Your answer must consist of the records exactly as given, with no pictures included.

[Records excerpted from a collection]
↓

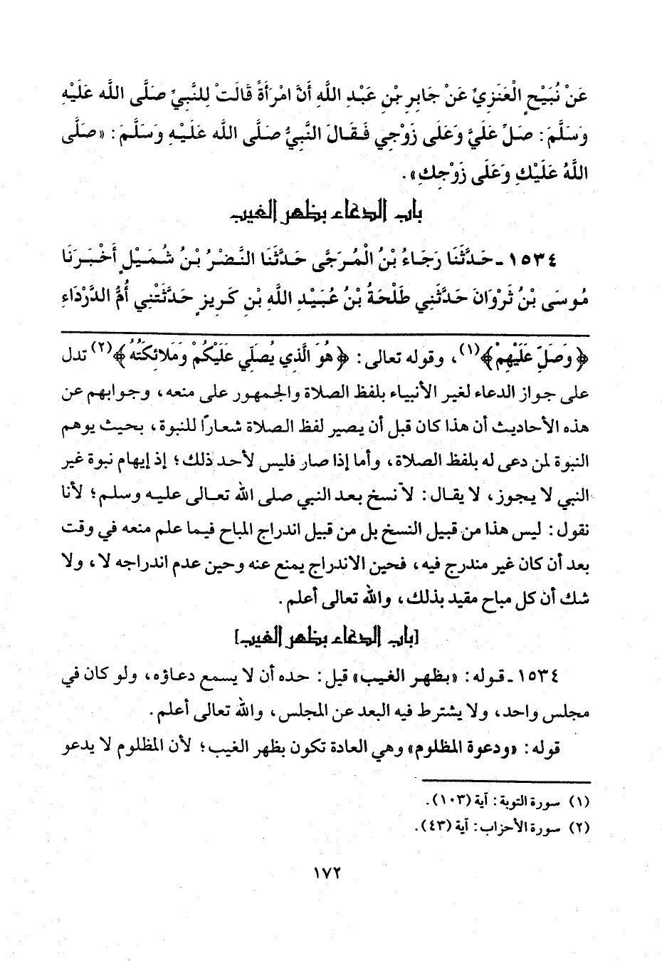 {وَصَلِّ عَلَيهِمْ} (¬1)، وقوله تعالى: {هُوَ الَّذِي يُصَلِّي عَلَيكُمْ وَمَلَائِكَتُهُ} (¬2) تدل على جواز الدعاء لغير الأنبياء بلفظ الصلاة والجمهور على منعه، وجوابهم عن هذه الأحاديث أن هذا كان قبل أن يصير لفظ الصلاة شعارًا للنبوة، بحيث يوهم النبوة لمن دعى له بلفظ الصلاة، وأما إذا صار فليس لأحد ذلك؛ إذ إيهام نبوة غير النبي لا يجوز، لا يقال: لا نسخ بعد النبي صلى الله تعالى عليه وسلم؛ لأنا نقول: ليس هذا من قبيل النسخ بل من قبيل اندراج المباح فيما علم منعه في وقت بعد أن كان غير مندرج فيه، فحين الاندراج يمنع عنه وحين عدم اندراجه لا، ولا شك أن كل مباح مقيد بذلك، والله تعالى أعلم.
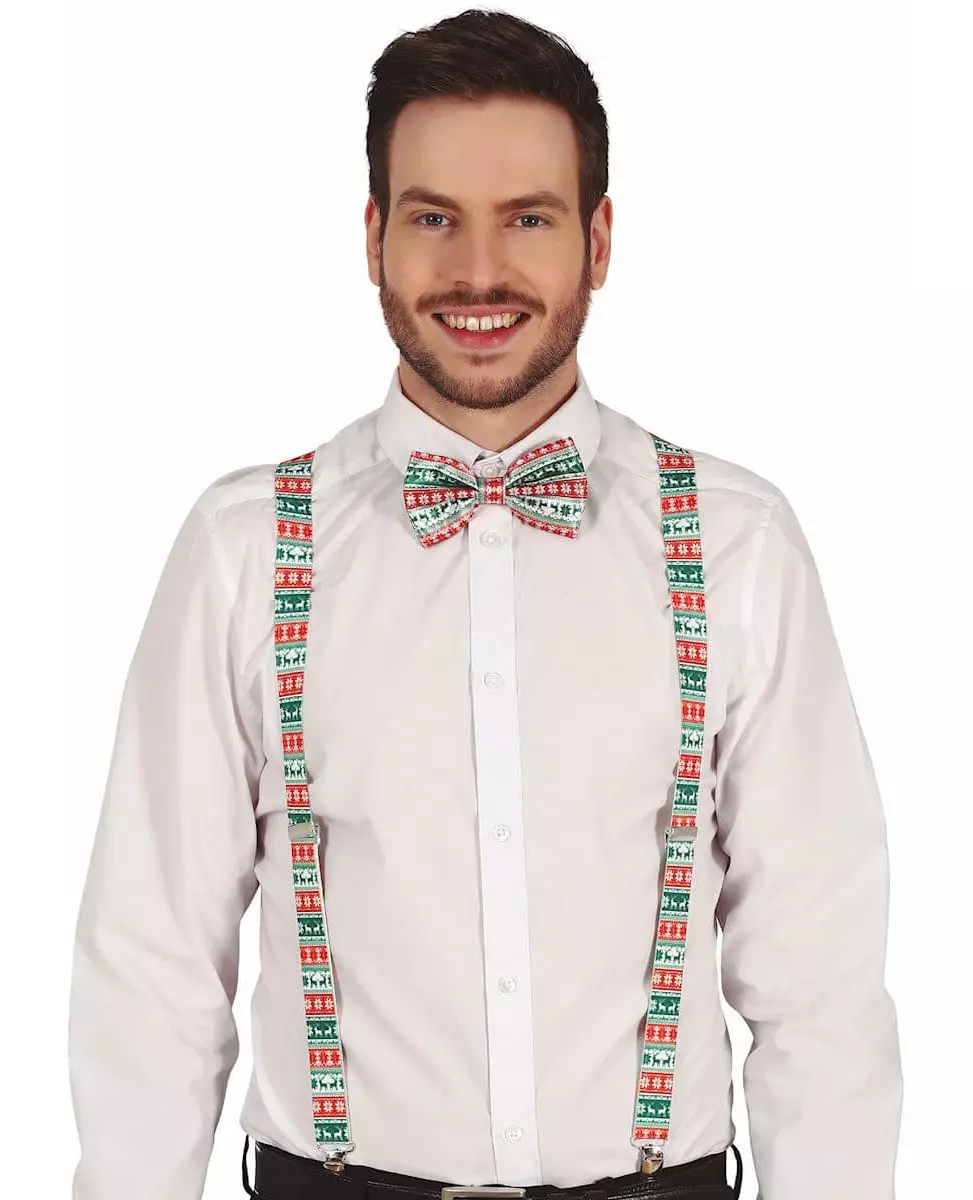 In the theme for Christmas! These Christmas-themed suspenders are for adults. They are red and green, featuring Christmas motifs such as snowflakes and Christmas reindeer. You can easily adjust them and then secure them with metal clips located at the front and back. Complete your Christmas outfit with this pretty pair of suspenders for your Christmas Eve or New Year! Accessories included: 1 pair of suspenders Material: Polyester, plastic, metal Care: Hand wash
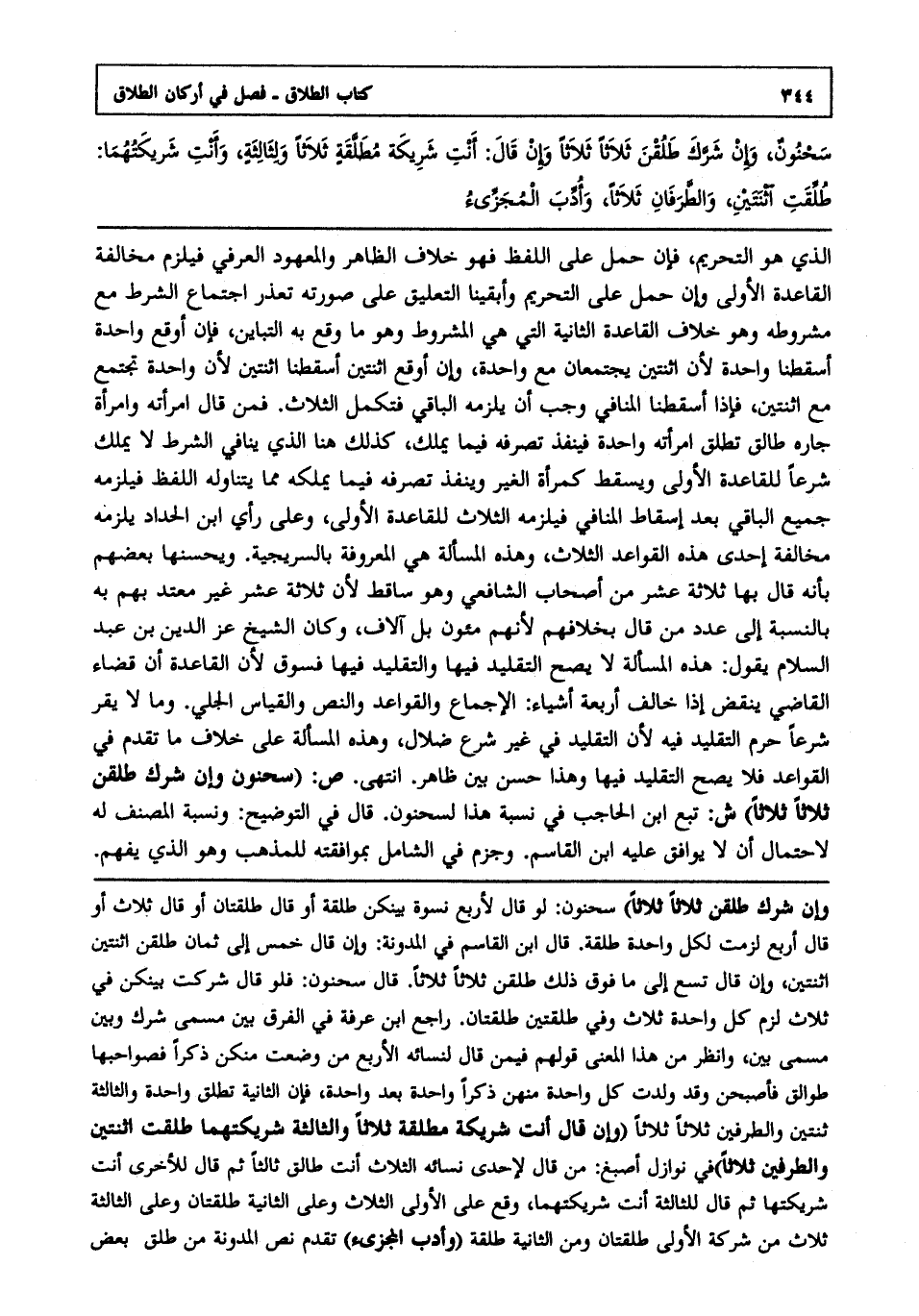 سحنون، وإن شرك طلقن ثلاثا ثلاثا وإن قال أنت شريكة مطلقة ثلاثا ولثالثة، وأنت شريكتهما طلقت اثنتين، والطرفان ثلاثا، وأدب المجزئ
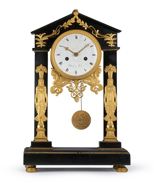 Pendola a portico con cassa in marmo nero e fregi in bronzo dorato di ispirazione "Retour d'Egypte". Quadrante in smalto bianco a numeri romani, movimento a due treni con suoneria delle ore e mezze su campanello. Francia, primo quarto del secolo XIX (h. cm 40) (difetti)
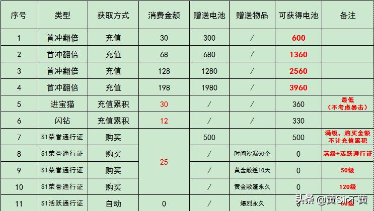 这个里面确实有腾讯一贯的风格,目前性能排在前三的是魔怪,绯红尖峰,蔷薇棉花糖,后两款基本在600(单纯购买),魔怪是消费达到V8送30天(大约等同于消费2000)所以我们可以做的就是花更少的钱积攒获得同样或更多的电池。
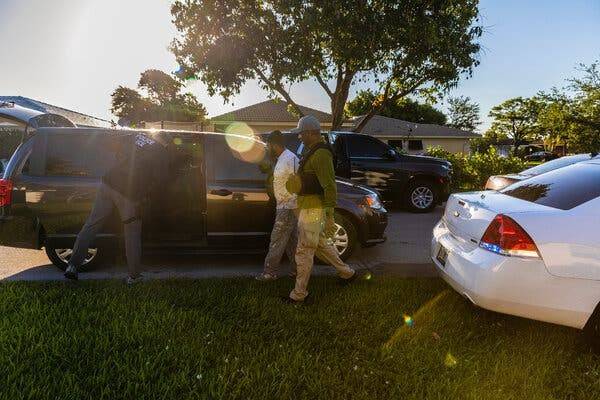 ضباط الهجرة خلال عملية اعتقال بفلوريدا في مايو (نيويورك تايمز)
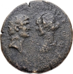 bare head of Antony, left, facing right; and bust of Octavia, right, facing left |
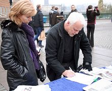 一位经常路过此地的瑞典老人看到学员拍拍学员的肩膀,很高兴的说:“你们的事情我都知道了,我已经签过名了。”
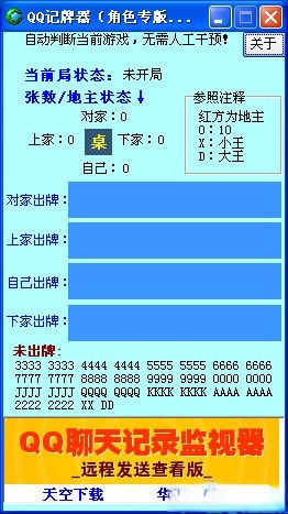 QQ斗地主角色版能记忆上家、下家、对家、自己出过的牌及的剩余的牌,自动判断开局,无须人工操作,专版适用于目前人气极高的QQ棋牌游戏:QQ斗地主角色版和QQ斗地主角色版(二副牌)、qq欢乐斗地主。
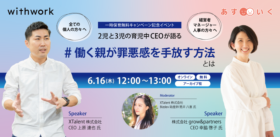 - タイトル:2児と3児の育児中CEOが語る『#働く親が罪悪感を手放す方法』とは

↑

__RESPONSE TO THIS EXERCISE__.
 {وَصَلِّ عَلَيهِمْ} (¬1)، وقوله تعالى: {هُوَ الَّذِي يُصَلِّي عَلَيكُمْ وَمَلَائِكَتُهُ} (¬2) تدل على جواز الدعاء لغير الأنبياء بلفظ الصلاة والجمهور على منعه، وجوابهم عن هذه الأحاديث أن هذا كان قبل أن يصير لفظ الصلاة شعارًا للنبوة، بحيث يوهم النبوة لمن دعى له بلفظ الصلاة، وأما إذا صار فليس لأحد ذلك؛ إذ إيهام نبوة غير النبي لا يجوز، لا يقال: لا نسخ بعد النبي صلى الله تعالى عليه وسلم؛ لأنا نقول: ليس هذا من قبيل النسخ بل من قبيل اندراج المباح فيما علم منعه في وقت بعد أن كان غير مندرج فيه، فحين الاندراج يمنع عنه وحين عدم اندراجه لا، ولا شك أن كل مباح مقيد بذلك، والله تعالى أعلم.
 In the theme for Christmas! These Christmas-themed suspenders are for adults. They are red and green, featuring Christmas motifs such as snowflakes and Christmas reindeer. You can easily adjust them and then secure them with metal clips located at the front and back. Complete your Christmas outfit with this pretty pair of suspenders for your Christmas Eve or New Year! Accessories included: 1 pair of suspenders Material: Polyester, plastic, metal Care: Hand wash
 سحنون، وإن شرك طلقن ثلاثا ثلاثا وإن قال أنت شريكة مطلقة ثلاثا ولثالثة، وأنت شريكتهما طلقت اثنتين، والطرفان ثلاثا، وأدب المجزئ
 Pendola a portico con cassa in marmo nero e fregi in bronzo dorato di ispirazione "Retour d'Egypte". Quadrante in smalto bianco a numeri romani, movimento a due treni con suoneria delle ore e mezze su campanello. Francia, primo quarto del secolo XIX (h. cm 40) (difetti)
 这个里面确实有腾讯一贯的风格,目前性能排在前三的是魔怪,绯红尖峰,蔷薇棉花糖,后两款基本在600(单纯购买),魔怪是消费达到V8送30天(大约等同于消费2000)所以我们可以做的就是花更少的钱积攒获得同样或更多的电池。
 ضباط الهجرة خلال عملية اعتقال بفلوريدا في مايو (نيويورك تايمز)
 bare head of Antony, left, facing right; and bust of Octavia, right, facing left |
 一位经常路过此地的瑞典老人看到学员拍拍学员的肩膀,很高兴的说:“你们的事情我都知道了,我已经签过名了。”
 QQ斗地主角色版能记忆上家、下家、对家、自己出过的牌及的剩余的牌,自动判断开局,无须人工操作,专版适用于目前人气极高的QQ棋牌游戏:QQ斗地主角色版和QQ斗地主角色版(二副牌)、qq欢乐斗地主。
 - タイトル:2児と3児の育児中CEOが語る『#働く親が罪悪感を手放す方法』とは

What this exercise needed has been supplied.